Instructions for the task:
Pictures aside, please retype the whole listing word for word.

Material supplied:
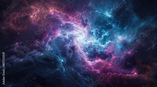 Amazing cosmic backdrop and nebula swirling purple and blue colors in outer space
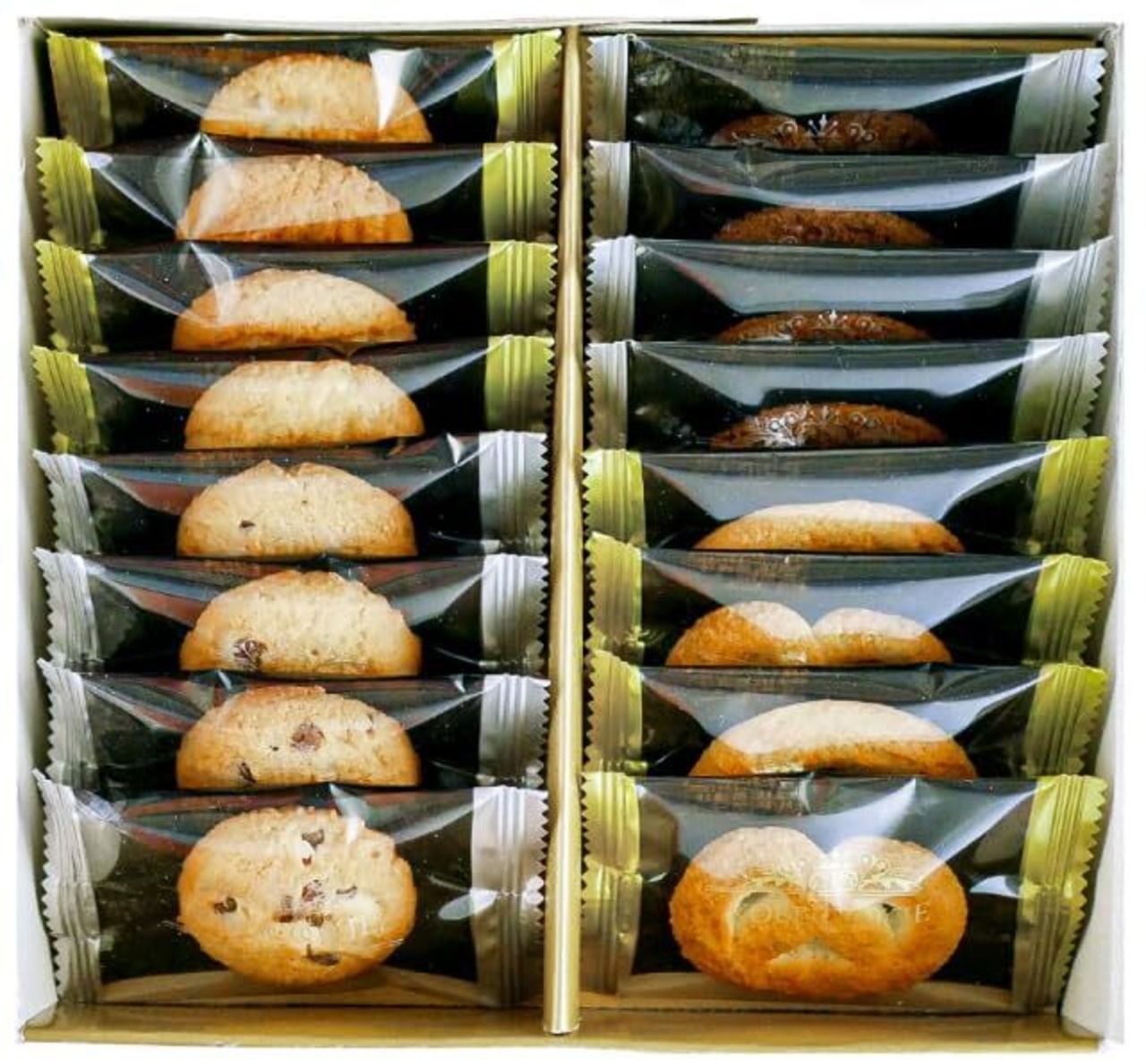 北海道産の小麦粉を使用したミルク、チョコチップ、メープル、ショコラの4種類の個包装されたクッキーをアソートしました。
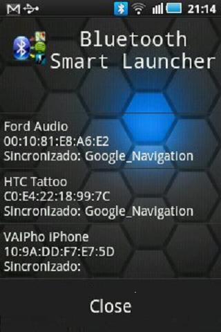 "bluetooth Smart Launcher" allows to start automaticallythe app you want when your smartphone connects with the Bluetooth device.This is useful to automate aplications, the categories are:CAR apps-google navigation Sygic, Waze, Torque, Flitsmeister, Car Home, Car Home Ultra, iCoyote, navFree, Route66, TomTom Places.training for sport apps:-Endomondo, Runtastic, nike, iMapMyRun, runkeeper.MUSIC apps:-Spotify, TuneIn Radio, Pandora, PCRadio, Google Play Music, Poweramp Music Player.You can also select the App that you want, you only need to have it installed in your smartphone.This app is under development, if you find any error, please, send an email to administrador@vaipho.comYou also can connect in twitter @vaiphoThe list of pre-selected apps to start with bluetooth are: Google Navigation, Sygic, Waze, Torque, Flitsmeister, Car Home, Car Home Ultra, iCoyote, navFree, Route66, TomTom Places, Endomondo, Runtastic, nike, iMapMyRun, runkeeper, Spotify, TuneIn Radio, Pandora, PCRadio, Google Play Music, Poweramp Music Player.
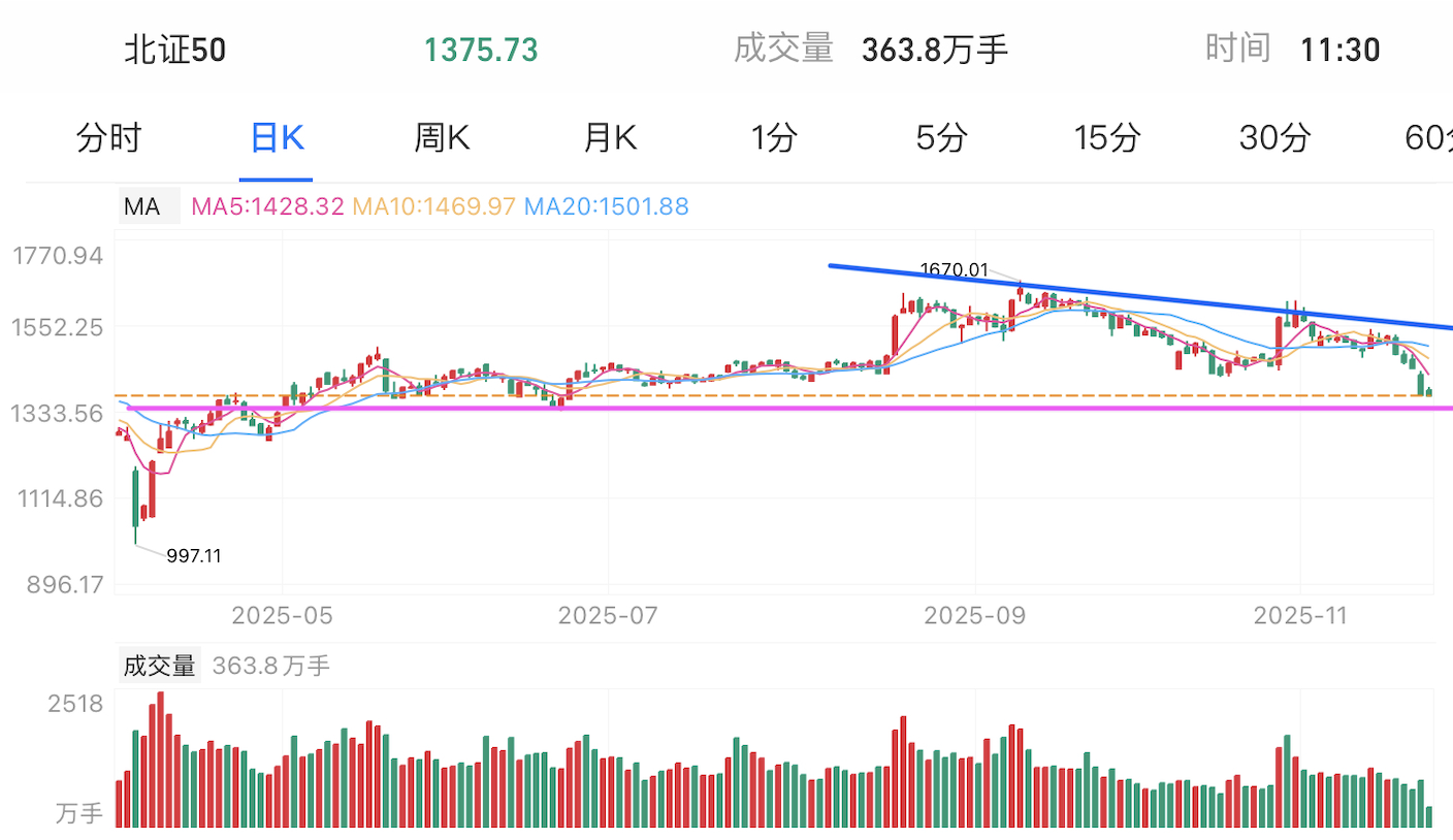 北证50:前期上涨后在高位盘整,近期转头下行并跌至前低支撑位。若继续跌破,则可能进入更深调整。
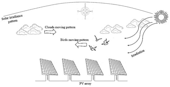 It can be noticed from Figure 1 that the maximum power affordable by the PVA at the Standard Test Conditions (STC) under an irradiance of and temperature of is 1.918 kWp. The PVA, however, can encounter different shading scenarios, inhibiting it thus from achieving its maximum power capacity. This is mainly due to non-static shadow reflectors, such as moving clouds, birds, and other obstacles as shown in Figure 2.
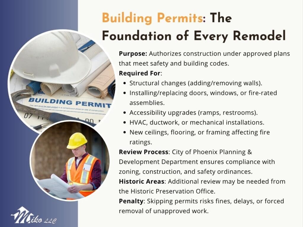 A building permit is the cornerstone of all commercial remodeling in Phoenix. This official document authorizes construction according to approved plans that meet building and safety codes. Without one, you risk fines or having to undo the work.
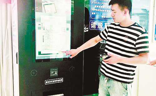 駕駛員在自助體檢機上打印體檢報告。(重慶晨報供圖)
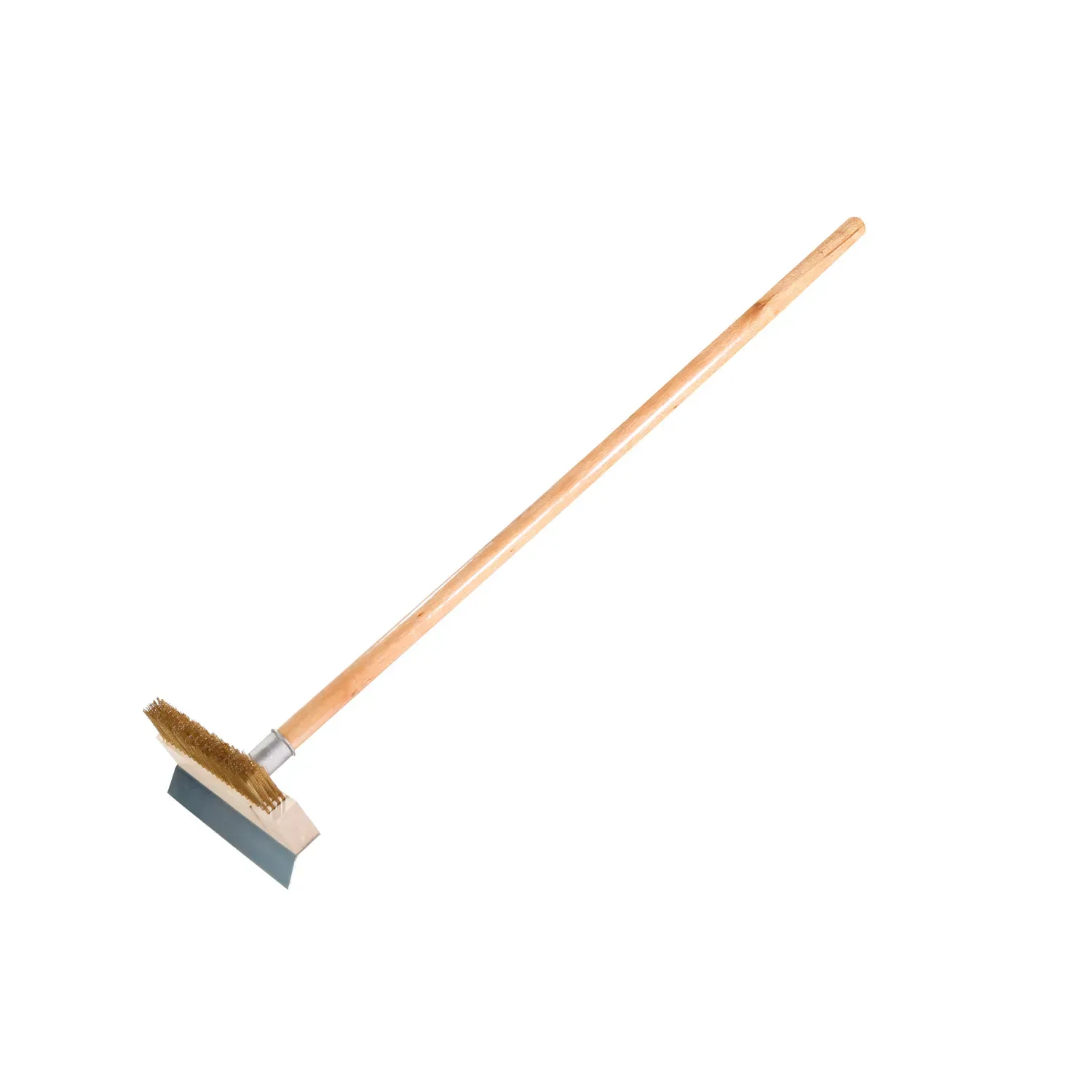 Introducing the ultimate solution for maintaining your pizza oven in peak condition, the Pizza Oven Brush/Scraper combines practicality with durability to ensure your cooking space stays spotless. Measuring a robust 10 inches in length, this brush comes with a substantial 36-inch wooden handle, giving you the reach and leverage needed to clean the deepest corners of your oven without straining yourself. Specifically designed for the professional and home chef alike, this brush features tough brass bristles that effortlessly tackle baked-on residues and charred remnants, ensuring your pizza oven remains in pristine condition. The integrated scraper edge is perfect for removing stubborn bits, making it an essential tool for anyone serious about their pizza-making craft. Crafted with a focus on longevity and ease of use, the wooden handle offers a comfortable grip that minimizes fatigue, even during extended cleaning sessions. Whether you're a pizzeria owner or a pizza enthusiast, this pizza oven brush will become your go-to tool for maintaining a clean and efficient cooking environment. Elevate your pizza-making experience and enhance your kitchen's sanitation with this exceptional, industry-standard pizza oven brush.
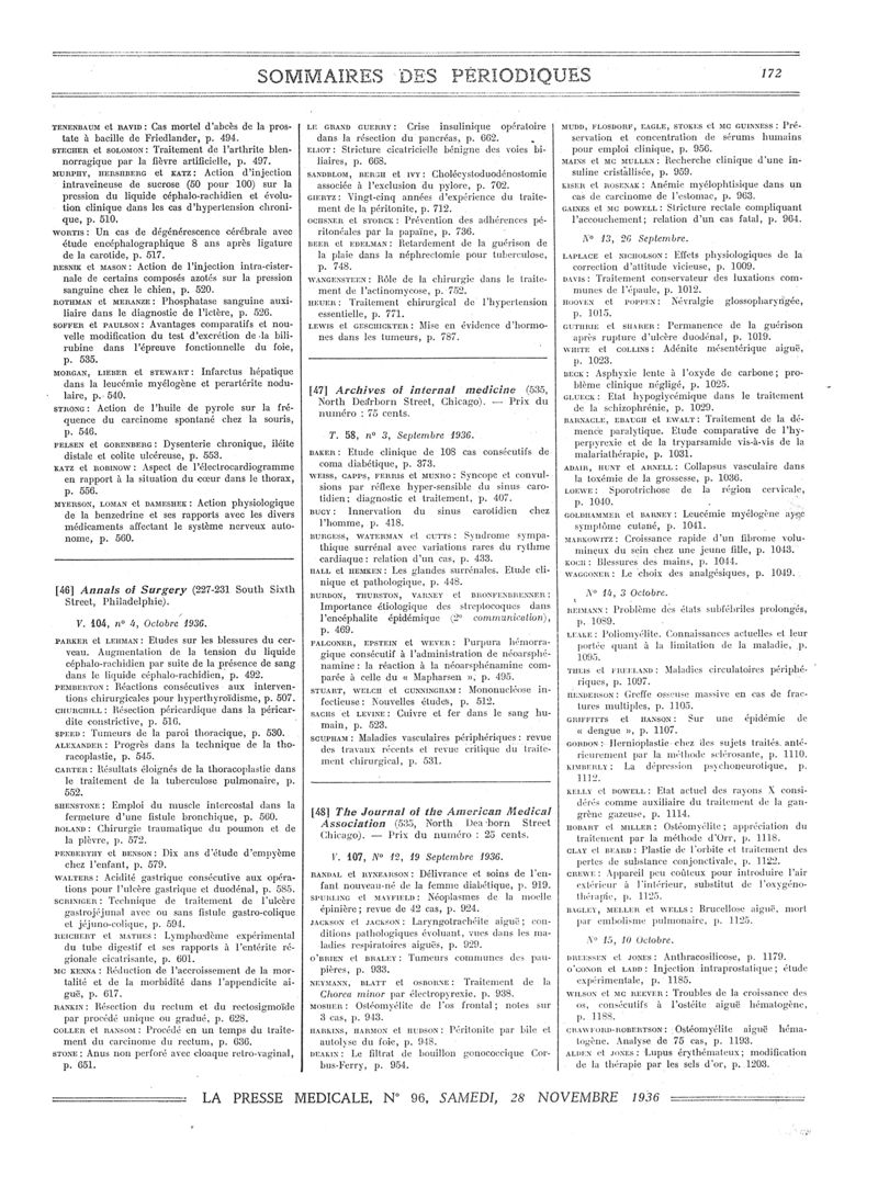 1936, Sommaires des périodiques. -

Exercise solution:
 Amazing cosmic backdrop and nebula swirling purple and blue colors in outer space
 北海道産の小麦粉を使用したミルク、チョコチップ、メープル、ショコラの4種類の個包装されたクッキーをアソートしました。
 "bluetooth Smart Launcher" allows to start automaticallythe app you want when your smartphone connects with the Bluetooth device.This is useful to automate aplications, the categories are:CAR apps-google navigation Sygic, Waze, Torque, Flitsmeister, Car Home, Car Home Ultra, iCoyote, navFree, Route66, TomTom Places.training for sport apps:-Endomondo, Runtastic, nike, iMapMyRun, runkeeper.MUSIC apps:-Spotify, TuneIn Radio, Pandora, PCRadio, Google Play Music, Poweramp Music Player.You can also select the App that you want, you only need to have it installed in your smartphone.This app is under development, if you find any error, please, send an email to administrador@vaipho.comYou also can connect in twitter @vaiphoThe list of pre-selected apps to start with bluetooth are: Google Navigation, Sygic, Waze, Torque, Flitsmeister, Car Home, Car Home Ultra, iCoyote, navFree, Route66, TomTom Places, Endomondo, Runtastic, nike, iMapMyRun, runkeeper, Spotify, TuneIn Radio, Pandora, PCRadio, Google Play Music, Poweramp Music Player.
 北证50:前期上涨后在高位盘整,近期转头下行并跌至前低支撑位。若继续跌破,则可能进入更深调整。
 It can be noticed from Figure 1 that the maximum power affordable by the PVA at the Standard Test Conditions (STC) under an irradiance of and temperature of is 1.918 kWp. The PVA, however, can encounter different shading scenarios, inhibiting it thus from achieving its maximum power capacity. This is mainly due to non-static shadow reflectors, such as moving clouds, birds, and other obstacles as shown in Figure 2.
 A building permit is the cornerstone of all commercial remodeling in Phoenix. This official document authorizes construction according to approved plans that meet building and safety codes. Without one, you risk fines or having to undo the work.
 駕駛員在自助體檢機上打印體檢報告。(重慶晨報供圖)
 Introducing the ultimate solution for maintaining your pizza oven in peak condition, the Pizza Oven Brush/Scraper combines practicality with durability to ensure your cooking space stays spotless. Measuring a robust 10 inches in length, this brush comes with a substantial 36-inch wooden handle, giving you the reach and leverage needed to clean the deepest corners of your oven without straining yourself. Specifically designed for the professional and home chef alike, this brush features tough brass bristles that effortlessly tackle baked-on residues and charred remnants, ensuring your pizza oven remains in pristine condition. The integrated scraper edge is perfect for removing stubborn bits, making it an essential tool for anyone serious about their pizza-making craft. Crafted with a focus on longevity and ease of use, the wooden handle offers a comfortable grip that minimizes fatigue, even during extended cleaning sessions. Whether you're a pizzeria owner or a pizza enthusiast, this pizza oven brush will become your go-to tool for maintaining a clean and efficient cooking environment. Elevate your pizza-making experience and enhance your kitchen's sanitation with this exceptional, industry-standard pizza oven brush.
 1936, Sommaires des périodiques. -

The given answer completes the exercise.